You are viewing a plain text version of this content. The canonical link for it is here.
Posted to user@flink.apache.org by Elias Levy <fe...@gmail.com> on 2017/04/22 05:15:44 UTC

Re-keying / sub-keying a stream without repartitioning

This is something that has come up before on the list, but in a different
context.  I have a need to rekey a stream but would prefer the stream to
not be repartitioned.  There is no gain to repartitioning, as the new
partition key is a composite of the stream key, going from a key of A to a
key of (A, B), so all values for the resulting streams are already being
rerouted to the same node and repartitioning them to other nodes would
simply generate unnecessary network traffic and serde overhead.

Unlike previous use cases, I am not trying to perform aggregate
operations.  Instead I am executing CEP patterns.  Some patterns apply the
the stream keyed by A and some on the stream keyed by (A,B).

The API does not appear to have an obvious solution to this situation.
keyBy() will repartition and there is isn't something like subKey() to
subpartion a stream without repartitioning (e.g. keyBy(A).subKey(B)).

I suppose I could accomplish it by using partitionCustom(), ignoring the
second element in the key, and delegating to the default partitioner
passing it only the first element, thus resulting in no change of task
assignment.

Thoughts?

Re: Re-keying / sub-keying a stream without repartitioning

Posted by Elias Levy <fe...@gmail.com>.
On Wed, Apr 26, 2017 at 5:11 AM, Aljoscha Krettek <al...@apache.org>
wrote:

> I did spend some time thinking about this and we had the idea for a while
> now to add an operation like “keyByWithoutPartitioning()” (name not final
> ;-) that would allow the user to tell the system that we don’t have to do a
> reshuffle.

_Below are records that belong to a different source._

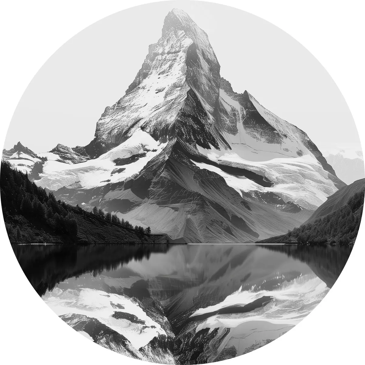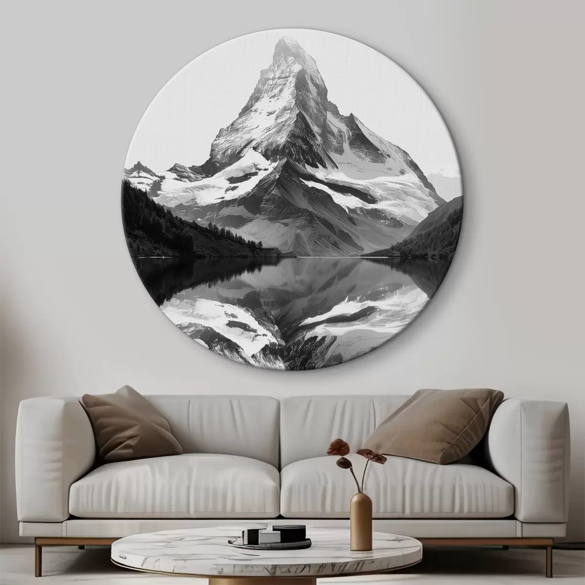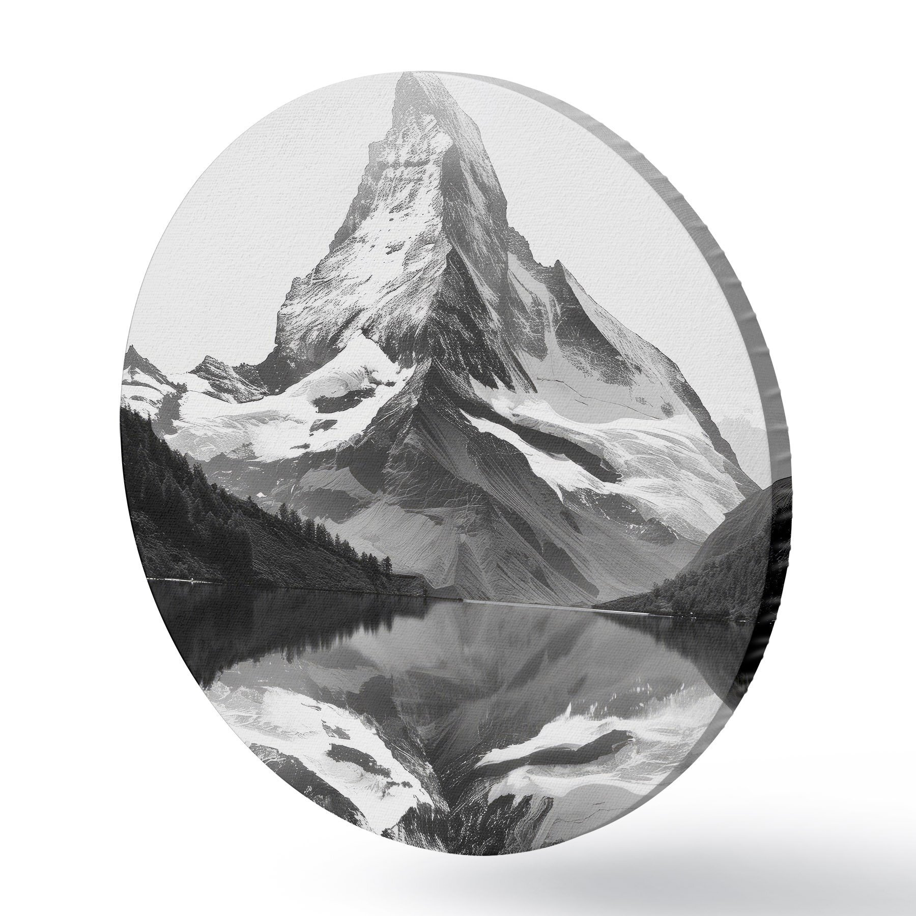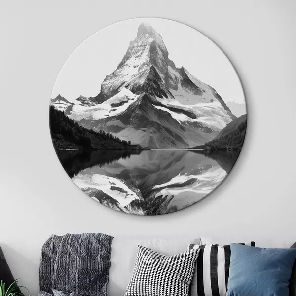 Quadri rotondi Immagine in bianco e nero di una montagna in stile minimalista r39638
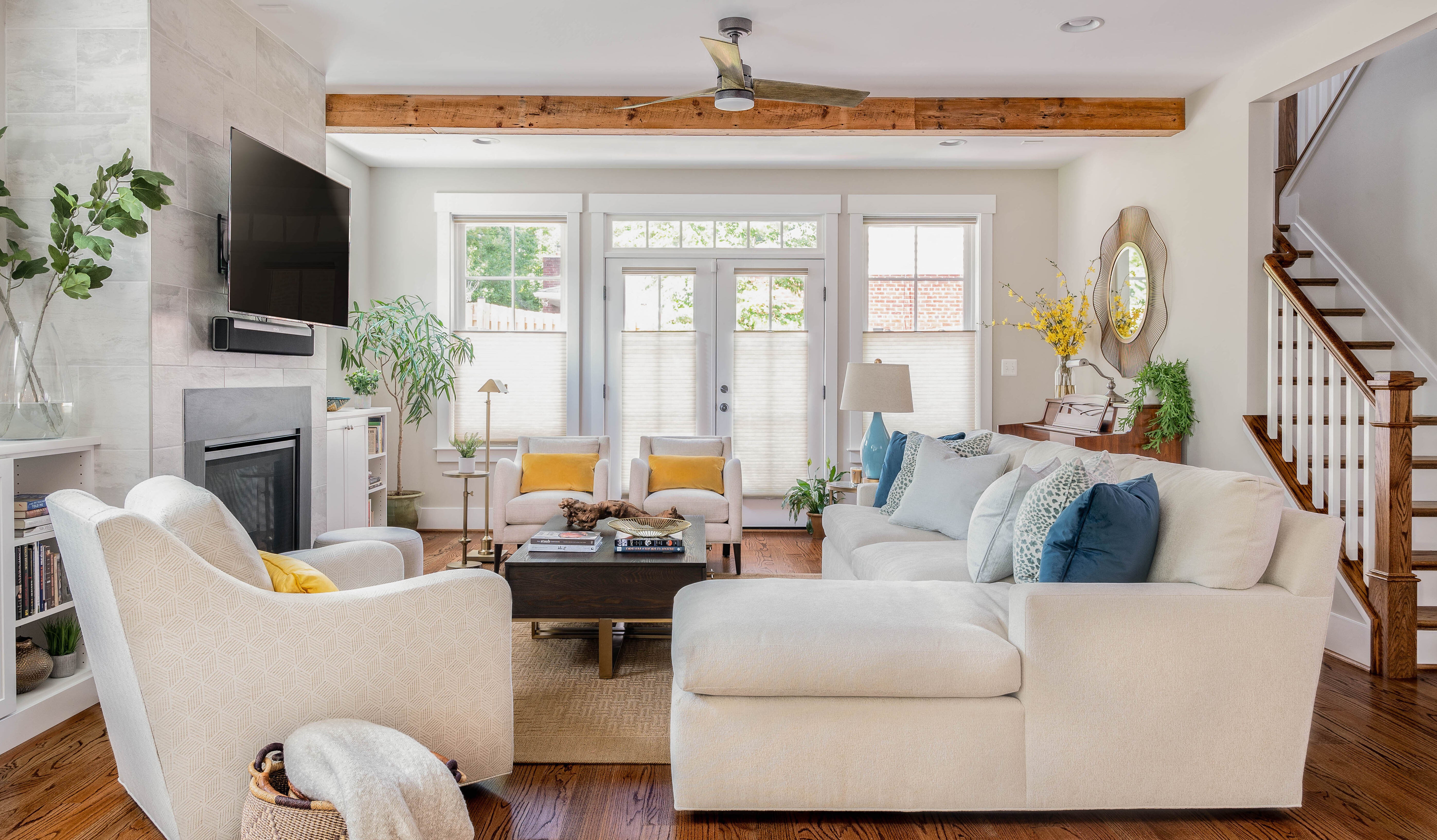 Homepage photo: A living room by DuVäl Reynolds features motorized shades from Hunter Douglas. | Markus Wilborn
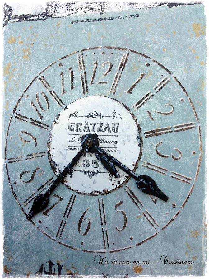 Se trata de un cuadro reloj decorado al estilo que tanto me gusta de las diseñadoras Iron Orchid Designs
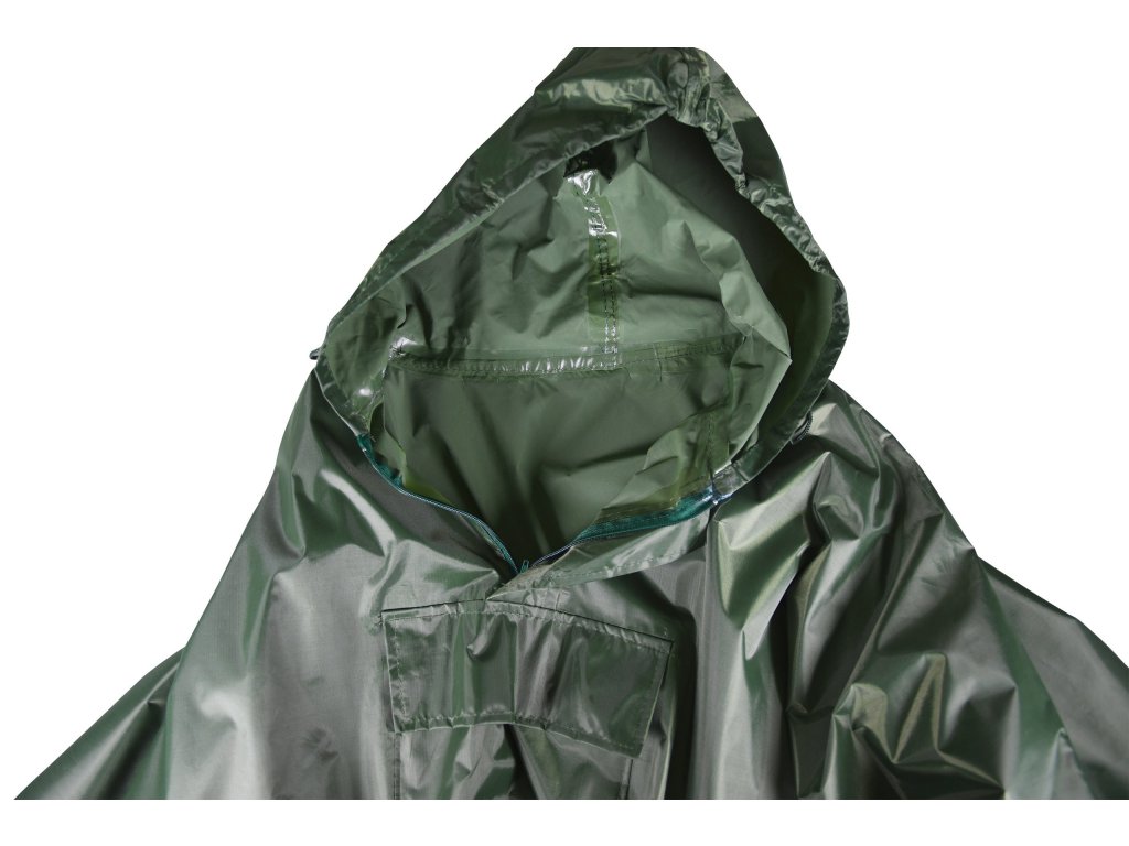 Pončo je odolné vůči větru a nepromokavé. Má svařované švy a nastavitelnou kapuci. Krátký zip usnadňuje přetažení ponče přes hlavu. Vpředu je umístěna klokaní kapsa a pončo Percussion lze na bocích zafixovat pomocí patentových knoflíků. Na každém rohu se nachází očko. Délka 100 cm. Hmotnost přibl. 640g.

This would work if the key-type (and keys) would stay exactly
> the same.
>
> I think it wouldn’t work for your case because the key type changes and
> elements for key (A, B) would normally be reshuffled to different instances
> than with key (A), i.e. (1, 1) does not belong to the same key-group as
> (1). Would you agree that this happens in your case?
>

It happens if I use keyBy().  But there is no need for it to happen, which
is why I was asking about rekeying without repartitioning.  The stream is
already partitioned by A, so all elements of a new stream keyed by (A,B)
are already being processed by the local task.  Reshuffling as a result of
rekeying would have no benefit and would double the network traffic.  It is
why I suggested subKey(B) may be a good to clearly indicate that the new
key just sub-partitions the existing key partition without requiring
reshuffling.

Why would you not be able to use a different key type with
keyByWithoutRepartitioning()?

Re: Re-keying / sub-keying a stream without repartitioning

Posted by Aljoscha Krettek <al...@apache.org>.
Hi Elias,
sorry for the delay, this must have fallen under the table after Flink Forward.

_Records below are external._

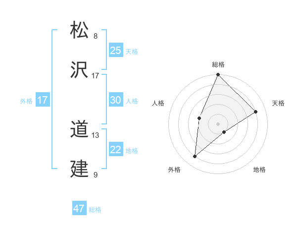 松沢 道建さんの総格は47画の5点!
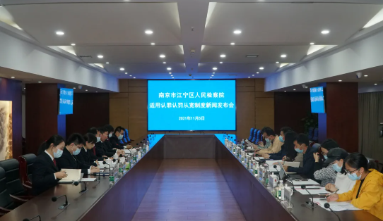 11月5日下午,江宁区检察院召开适用认罪认罚从宽制度新闻发布会,向社会媒体通报江宁区检察院该项工作情况。社会媒体记者代表及人大代表、政协委员、特约检察员等11人受邀参会并进行座谈。
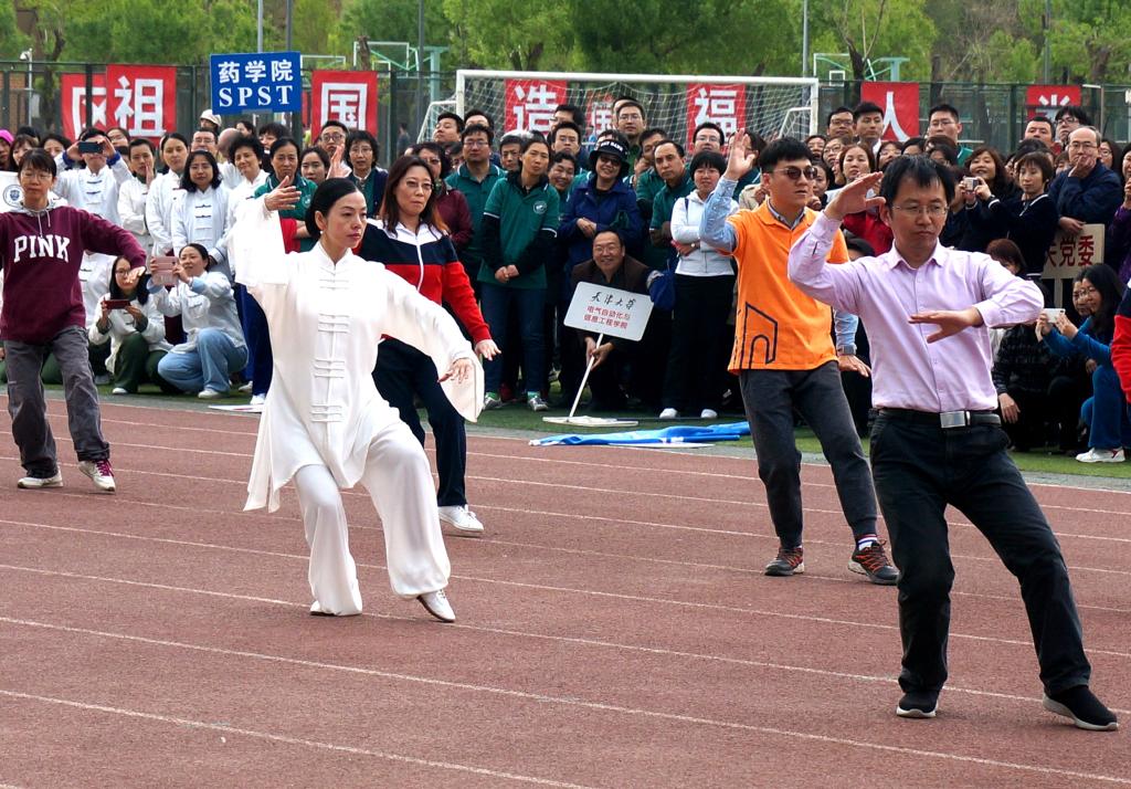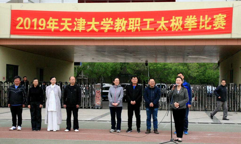 本站讯(通讯员 温锌勇 摄影 王训斋 方淮成)4月19日,天津大学教职工太极拳比赛在卫津路校区体育场举行。校党委副书记、工会主席、组织部长、统战部长赵美蓉,体育部党总支书记韩文俊、主任吴金克,校工会常务副主席马桂秋、副主席陈宝禄、挂职副主席姚卫东出席活动,来自全校30个院级工会的25支队伍共500余名教职工参加比赛。本次比赛特别邀请国家一级裁判员、公安前卫太极俱乐部主任董广福,国家一级裁判员、天津市第十四届运动会太极冠军赵志红,国家一级裁判员、天津大学副教授韩凤芝担任裁判。
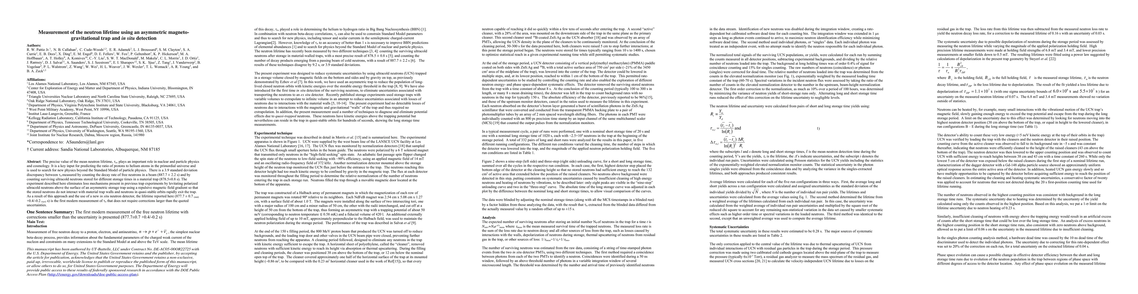 Development of an asymmetric magneto-gravitational trap and an in situ neutron detection method to accurately measure the neutron lifetime without significant corrections.

I did spend some time thinking about this and we had the idea for a while now to add an operation like “keyByWithoutPartitioning()” (name not final ;-) that would allow the user to tell the system that we don’t have to do a reshuffle. This would work if the key-type (and keys) would stay exactly the same.

I think it wouldn’t work for your case because the key type changes and elements for key (A, B) would normally be reshuffled to different instances than with key (A), i.e. (1, 1) does not belong to the same key-group as (1). Would you agree that this happens in your case?

Best,
Aljoscha 

> On 25. Apr 2017, at 23:32, Elias Levy <fe...@gmail.com> wrote:
> 
> Anyone?
> 
> On Fri, Apr 21, 2017 at 10:15 PM, Elias Levy <fearsome.lucidity@gmail.com <ma...@gmail.com>> wrote:
> This is something that has come up before on the list, but in a different context.  I have a need to rekey a stream but would prefer the stream to not be repartitioned.  There is no gain to repartitioning, as the new partition key is a composite of the stream key, going from a key of A to a key of (A, B), so all values for the resulting streams are already being rerouted to the same node and repartitioning them to other nodes would simply generate unnecessary network traffic and serde overhead.
> 
> Unlike previous use cases, I am not trying to perform aggregate operations.  Instead I am executing CEP patterns.  Some patterns apply the the stream keyed by A and some on the stream keyed by (A,B).
> 
> The API does not appear to have an obvious solution to this situation. keyBy() will repartition and there is isn't something like subKey() to subpartion a stream without repartitioning (e.g. keyBy(A).subKey(B)).
> 
> I suppose I could accomplish it by using partitionCustom(), ignoring the second element in the key, and delegating to the default partitioner passing it only the first element, thus resulting in no change of task assignment.
> 
> Thoughts?
> 


Re: Re-keying / sub-keying a stream without repartitioning

Posted by Elias Levy <fe...@gmail.com>.
Anyone?

On Fri, Apr 21, 2017 at 10:15 PM, Elias Levy <fe...@gmail.com>
wrote:

> This is something that has come up before on the list, but in a different
> context.  I have a need to rekey a stream but would prefer the stream to
> not be repartitioned.  There is no gain to repartitioning, as the new
> partition key is a composite of the stream key, going from a key of A to a
> key of (A, B), so all values for the resulting streams are already being
> rerouted to the same node and repartitioning them to other nodes would
> simply generate unnecessary network traffic and serde overhead.
>
> Unlike previous use cases, I am not trying to perform aggregate
> operations.  Instead I am executing CEP patterns.  Some patterns apply the
> the stream keyed by A and some on the stream keyed by (A,B).
>
> The API does not appear to have an obvious solution to this situation.
> keyBy() will repartition and there is isn't something like subKey() to
> subpartion a stream without repartitioning (e.g. keyBy(A).subKey(B)).
>
> I suppose I could accomplish it by using partitionCustom(), ignoring the
> second element in the key, and delegating to the default partitioner
> passing it only the first element, thus resulting in no change of task
> assignment.
>
> Thoughts?
>